In in vitro conditions, we have demonstrated that erythrocytes are the only blood source of ATP when isolated red blood cells, plasma or serum are heated from 33 to 42°C (Kalsi & González‐Alonso, 2012). This temperature‐dependent ATP release from human erythrocytes is blocked by administration of inhibitors of cystic fibrosis transmembrane regulator (a regulator of ATP‐releasing channels), suggesting that ATP release is a transport‐mediated process (Kalsi & González‐Alonso, 2012). The temperature‐sensitive mechanism of erythrocyte ATP release might be different from mechanisms responsive to changes in blood oxygen, shear stress, pH and lactic acid normally occurring in metabolically active tissues, such as contracting skeletal muscle (Bodin & Burnstock, 1995; Ellsworth et al. 1995; González‐Alonso et al. 2002, 2015; Gourine et al. 2010), because metabolic changes in response to local heating and cooling are relatively small (Barcroft & Edholm, 1943; Pearson et al. 2011). It remains unknown, however, whether reductions in temperature depress ATP release from isolated human erythrocytes. Moreover, no study to date has examined the relationship between blood temperature, plasma [ATP] and limb tissue blood flow during local heating and cooling in resting individuals and compared the responses with those from in vitro studies assessing the impact of larger physiological variations in temperature on ATP release from different blood constituents. It is also equally possible that the released ATP derives from the endothelium, because shear stress, hypoxia and intracellular Ca2+ agonists have all proved to be effective in stimulating the release of ATP from endothelial cells (Bodin & Burnstock, 1995; Gödecke et al. 2012). It is unknown, however, whether a temperature‐sensitive ATP release mechanism is also present in endothelial cells.
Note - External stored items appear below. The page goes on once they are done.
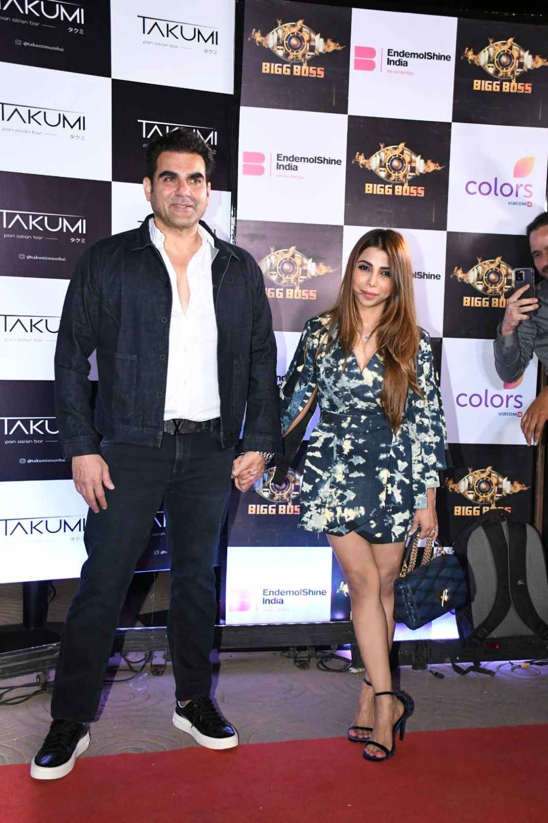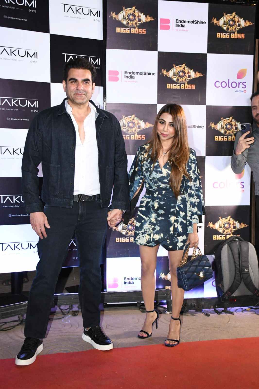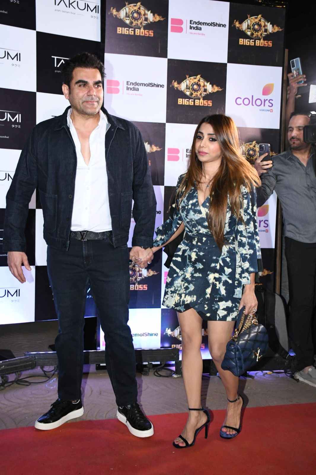 बिग बॉस की सक्सेस पार्टी में अरबाज अपनी नयी दुल्हनियां शूरा के साथ हाथों में हाथ थामे नजर आये हैं| पार्टी में जहाँ बिग बॉस के कंटेस्टेंट अपने शानदार अवतार से तहलका मचा रहे थे वहीं अरबाज और शूरा ने पहुंच कर पूरी लाइमलाइट लूट ली| अरबाज ब्लैक जैकेट में शानदार लगे तो वहीं शूरा मिनी ड्रेस में सिजलिंग लगीं|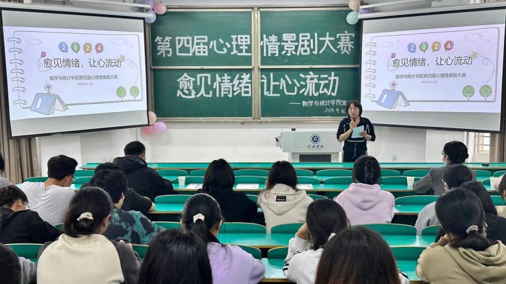 为全面贯彻党的教育方针,推进心理健康素质教育,促进大学生思想道德素质和心理健康成长,4月16日下午,数学与统计学院在数计楼107教室隆重举办第四届“愈见情绪,让心流动”心理情景剧大赛,学院党总支副书记刘颖方、学工干事田媛、二级心理辅导站站长范学琴、全体辅导员受邀出席。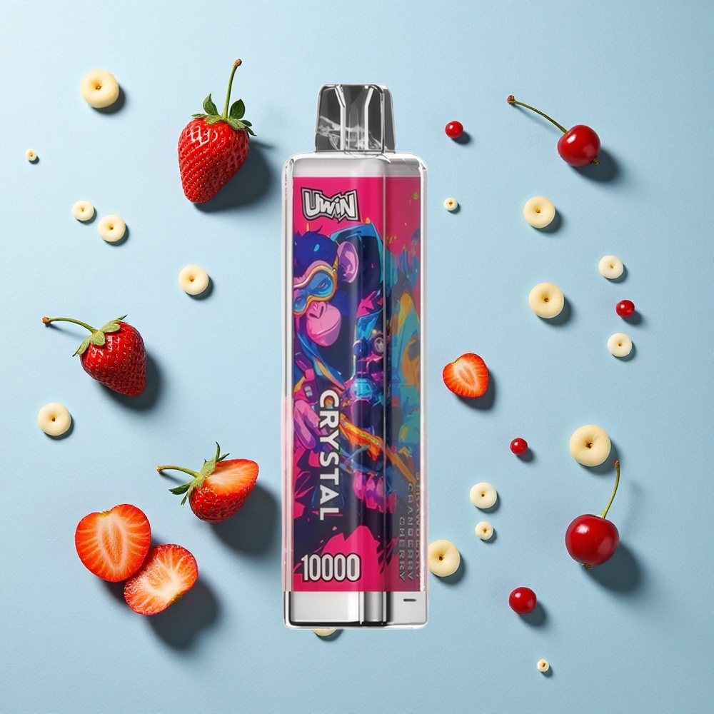 Aardbei Cranberry Kers UWIN Crystal 10000 Puffs vape groothandel België met 18ml vloeistof en RGB-verlichting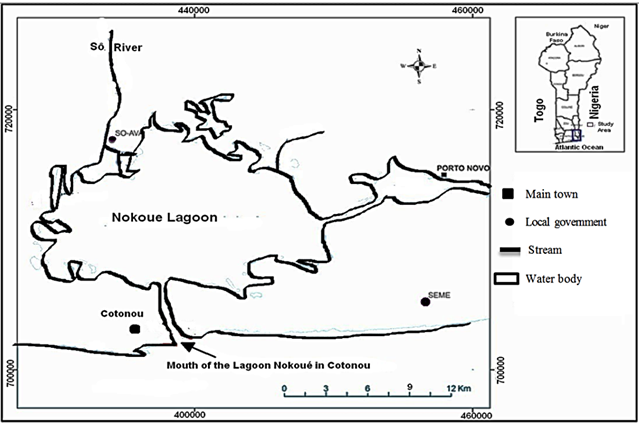 Study environment. Located in Benin in West Africa in the tropical zone between the equator and the Tropic of Cancer (between parallels 6° 30' and 12° 30' north latitude and meridians 1° and 30° 40' longitude Est) and more precisely in the coastal department, “the mouth of Cotonou” is the point where lagoon Nokoué, which normally covers an area of 150 km², meets the Atlantic Ocean through a channel called “Cotonou lagoon” (Fig. 1).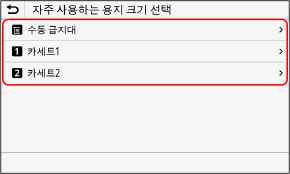 [자주 사용하는 용지 크기 선택] 화면이 표시됩니다.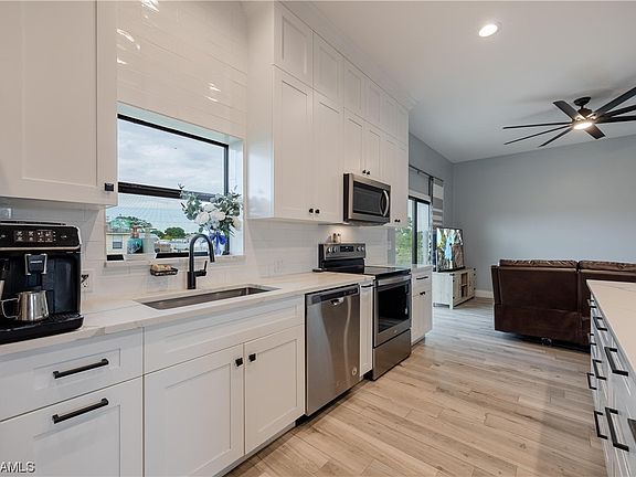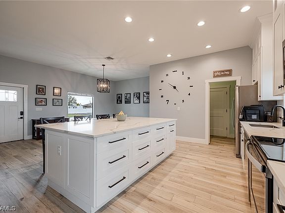 HOME WARRANTY INCLUDED AT CLOSING! 4-BEDROOM HOME NOW AVAILABLE! Check out this rare, mediterranean style beauty which was built in 2019 and is a 4-bedroom, 2-bath, and has 2,040 Sq. Ft. Living space 2,486 Sq. Ft. total. Make this stunning spacious Saint Mia floor plan by DeLaCruz Homes yours today. You'll instantly notice the gorgeous Calacatta quartz countertops, stainless steel appliances, huge kitchen island, upgraded wood looking tile throughout the home, luxurious bathrooms with glass enclosure showers, handmade cement tile, upgraded doors and trim, high-end fixtures and sinks, double closets in bedrooms rooms, trellises with gorgeous wood style garage door. On the exterior enjoy tropical landscape with a magnolia tree, palm trees, and two 8ft oak trees planted in the back yard. Upgrades galore! Located in Flood Zone X, so no flood insurance is required! Lehigh Acres is located in eastern Lee County. It is bordered to the north by Alva, to the northwest by Buckingham, and to the southwest by Gateway. It is bordered on the west by the city of Fort Myers and extends east to the Hendry County line. Lehigh Acres is known for some of its popular attractions, which include: Harn's Marsh · Five Star Stables · Majestic Golf Club · Copperhead Golf Club and Trailhead Park. Lehigh Acres boasts ponds, lakes and canals. With 175 miles of canals and 16 well-stocked lakes, Lehigh Acres is a perfect destination for both fishing enthusiasts and beginners alike. For a change of pace, the Gulf of Mexico and its nearby barrier islands provide spectacular saltwater fishing opportunities, with bountiful grouper, mackerel, redfish, snapper, snook and trout. For a challenge on the green, visit one of Lehigh Acres' four championship golf courses. With parks, lakes, tennis, and safe roads for bicycling or walking, this charming suburban enclave is the ideal retreat for families or seniors seeking an affordable and laid-back vacation.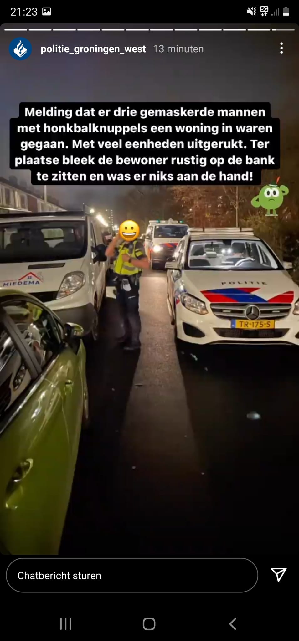 De politie rukte gisteravond met veel eenheden uit naar de Poolsterlaan na een melding dat er drie gemaskerde mannen met honkbalknuppels een woning binnen waren gegaan. Eenmaal ter plaatse bleek de bewoner van de bewoner van de woning rustig op de bank te zitten en was er niks aan de hand. Dat meldt de politie op Instagram.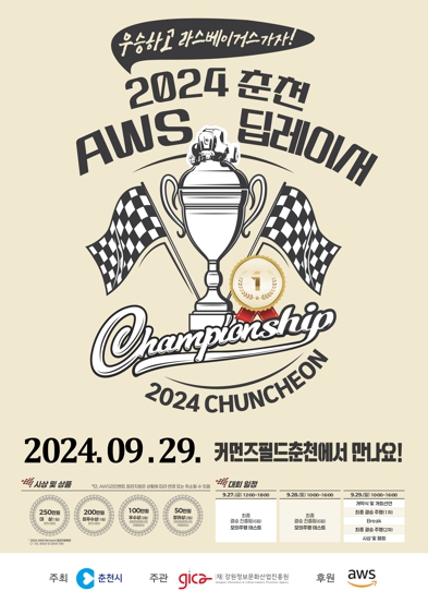 ‘2024 춘천 AWS 딥레이서 챔피언십’ 결승 대회가 오는 29일 오전 10시 커먼즈필드 춘천에서 펼쳐진다.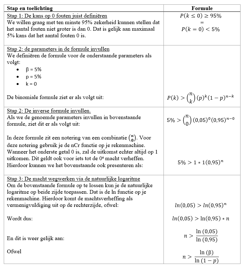 Laten we beginnen met het ophalen van de parameters uit de vorige columns. We werkten met een populatieomvang N = € 1mln. We hebben een materialiteit van p = 5 procent wat neer komt op € 50.000. We willen 95 procent betrouwbaarheid behalen, dus 1 - β = 95 procent. Omdat er alleen een gesloten formule bestaat voor nul fouten, houden we het verwachte foutpercentage op 0 procent, dat betekent dat het aantal verwachte fouten in de steekproef gelijk is aan k = 0. Dit kunnen we samenvatten in de volgende parameters: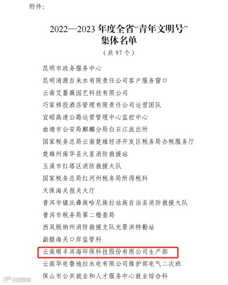 近日,云南顺丰洱海环保科技股份有限公司生产部被共青团云南省委授予2022-2023年度“省级青年文明号”荣誉称号。共青团大理州委书记邓娜、副书记周子楠一行到公司举行了授牌仪式。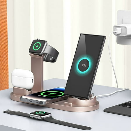 Hi my dear angel welcome to Jacenvly our products are cheap and good quality price is fair you can t miss it. If this product is not your style please click on our store we have many kinds of products there will be you like and suits you. If you have any questions about your purchase please send us the first message we offer world class customer service to make your purchase without your worries. Have a nice day. 15W Six-in-one Wireless Charging 360° Rotating Charger Wireless Fast Charging Smart Watch Charging Stand Wireless Earphone Charging Base Features: Multi-purpose: charging different devices at the same time charging intelligent identification devices charging without interference at the same time charging multiple devices without waiting. Smart power off: low temperature charging is not hot when the device is quickly filled into the trickle charging mode delaying the battery life of the device. Wireless sensitive induction: that is put and charge ≤5mm sensitive induction with a mobile phone case can also support charging. Make your desktop cleaner get of the shackles of the cable charging more convenient and tidy say goodbye to the messy office more comfortable. A variety of scenarios: desktop support/home/watching TV/live/office/counter/travel. Product Description: Parameters: Product name: second generation multi-function wireless charging Model: BXD-07A Color: White black Rose gold Input: DC5V-3A 9V-2A Charger output: 5V-2A Wireless charging output: 5W-7.5W-10W-15W(MAX) Headphone output 5W Watch output: 3W Product size: 23*9*6cm Package size: 24.5 * 10.9 * 5.8cm Weight: 260g Includes: 1x 6-in-1 wireless charging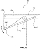 Кроме того, показанный на фиг.10 механизм контроля натяжения 44 контролирует натяжение полосы S, разматываемой с рулона 42а и транспортируемой к прикрепляющему механизму 33. Как показано на фиг.10, механизм контроля натяжения 44 содержит два ролика 44а, 44b, установленные с возможностью вращения на неподвижный элемент 6а, прикрепленный к раме 6; рычаг 44с, установленный с возможностью вращения на неподвижном элементе 6а своей задней концевой частью 44d и продолжающийся вперед и вниз; и ролик 44f, аксиально установленный на передний конец 44е рычага 44с. При последовательном обертывании полосы S вокруг трех роликов 44а, 44f, 44b рычаг 44с и ролик 44f тянут полосу S с заданным усилием, а натяжение полосы S поддерживается в заданном диапазоне. Таким образом обеспечивается контроль провисания и изгибания полосы S.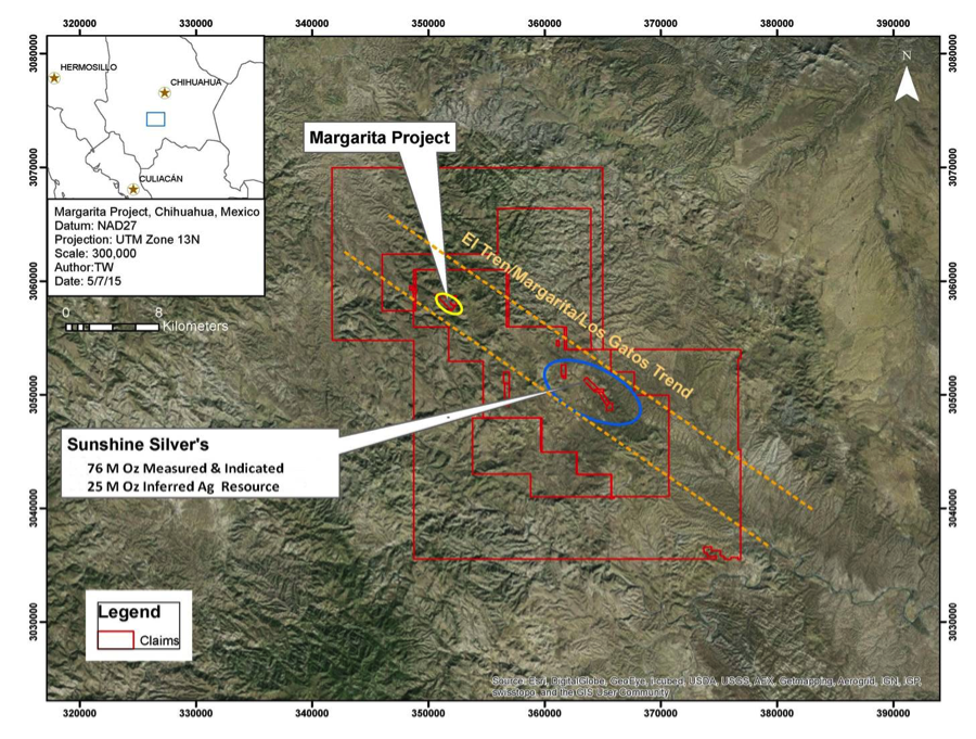 Acquired as part of Sable Resources Upper Level Epithermal Strategy, the Margarita Project is located in the Satevó Municipality in Chihuahua state, approximately 120km SW of the state capital of Chihuahua City, and 110km NNW of the historic Parral mining district. The Project lies on strike with Sunshine Silver Corp.’s Los Gatos Project. Hosted in Eocene-Oligocene Volcanics, Margarita is defined by 4 veins; Margarita, El Caido, Juliana and Maria on 2 claims totally encompassed by Sunshine Silver.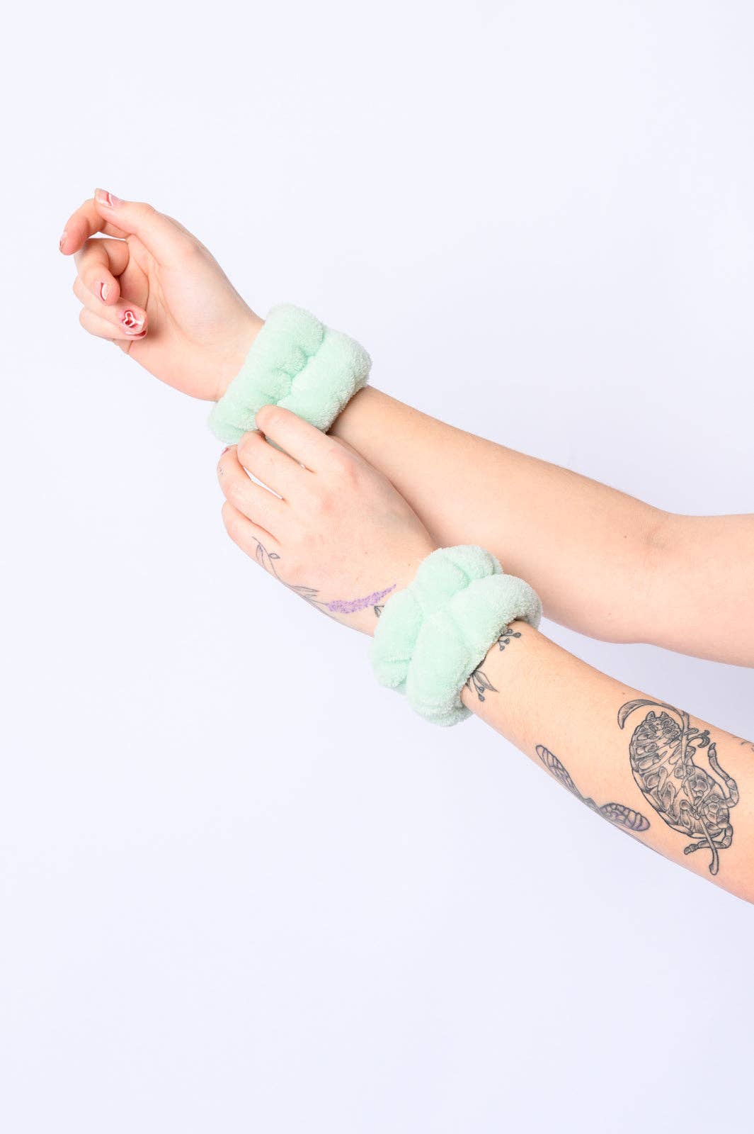 This trending braided sponge headband is covered in highly absorbent terry cloth to soak up moisture as you wash your face or apply your favorite skincare. Convenient wristbands catch drips from running down your arms!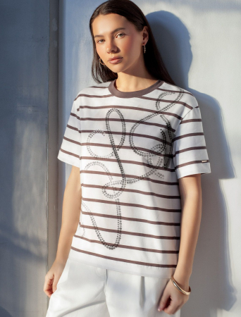 Модная футболка белого цвета в широкую горизонтальную полоску кофейного цвета привлекает внимание своим интересным дизайном и ярким принтом. Благодаря прямому крою изделие комфортно садится на любую фигуру, в том числе на большие размеры, и не сковывает движений. Круглый вырез подчеркивает современный стиль, а натуральный материал плотностью 170 Г/м2 из хлопка с добавлением эластана обеспечивает удобство в повседневной носке и приятные тактильные ощущения. Прочность и износостойкая структура позволяют сохранять свежий внешний вид после множества стирок. Принт в виде букв логотипа бренда нанесен красками с устойчивым покрытием. Стильная футболка гармонично вписывается в любой гардероб и подойдет для прогулок, отдыха или неформальных встреч. Благодаря особенностям кроя модель хорошо сидит, скрывая недостатки и подчеркивая достоинства. Яркая футболка идеально сочетается с базовыми вещами, позволяя создавать новые интересные образы каждый день.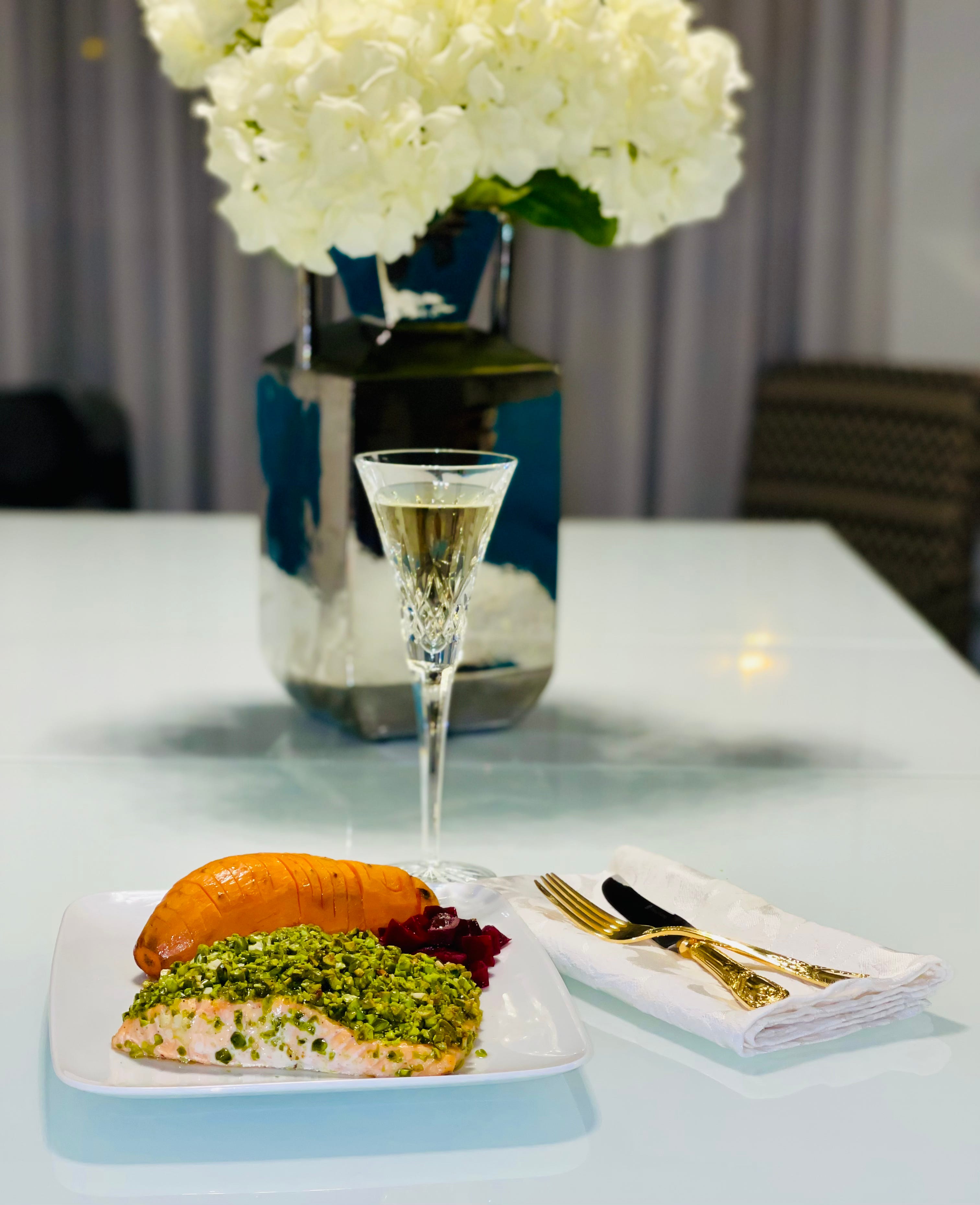 Pistachio crusted salmon is an effortless, yet stylish main course to serve when you have company. Not only is it simple to prepare, the dish requires little time. It’s the perfect Sunday brunch entrée for the family, with little clean up required.

Therefore, the aim of the study was fourfold: (i) to investigate the relationships among local arm haemodynamic responses, local blood temperature (T b) and plasma [ATP] during isolated arm heating and cooling; (ii) to determine whether intrabrachial artery infusion of ATP can potentiate the heating‐mediated increases in skin and deep tissue blood flow in the human arm; (iii) to characterize the influence of physiological temperature variations on ATP release from isolated erythrocytes, plasma and serum; and (iv) to investigate whether human endothelial cells are another source of extracellular ATP during changes in temperature. We hypothesized that changes in limb skin and tissue blood flow with heating and cooling would be closely related to changes in blood temperature and plasma [ATP] in vivo and that ATP release from erythrocytes, but not from plasma, serum or endothelial cells, would be sensitive to both increases and decreases in temperature. Furthermore, increases in intravascular ATP availability with graded ATP infusion will elevate both cutaneous and skeletal muscle blood flow to levels above those seen with thermal hyperaemia, a response that would be enhanced further when ATP is infused in the heated arm.

Methods

Subjects

This study consisted of four experimental protocols (i.e. two in vivo protocols in healthy human subjects and two in vitro protocols using human blood and endothelial cells). The study conformed to the code of ethics of the World Medical Association (Declaration of Helsinki) and was conducted after ethical approval from the Brunel University London Research Ethics Committee. Informed written and verbal consent was obtained from all the participants before commencing any part of this study. All participants were asked to refrain from exercise and ingestion of caffeine before all experiments. Different subsets of participants were recruited for each experimental protocol. In total, 18 healthy men participated in the first (mean ± SD: age 21 ± 2 years, height 175 ± 6 cm and weight 74 ± 6 kg; n = 10) and the second in vivo protocols (age 22 ± 4 years, height 177 ± 8 cm and weight 75 ± 6 kg; n = 8). For the subsequent in vitro protocols, blood constituents were separated from venous blood samples taken from a different subset of 12 healthy men ranging in age from 21 to 46 years (mean ± SD: age 28 ± 7 years), whereas endothelial cells were obtained from three different healthy human umbilical cords.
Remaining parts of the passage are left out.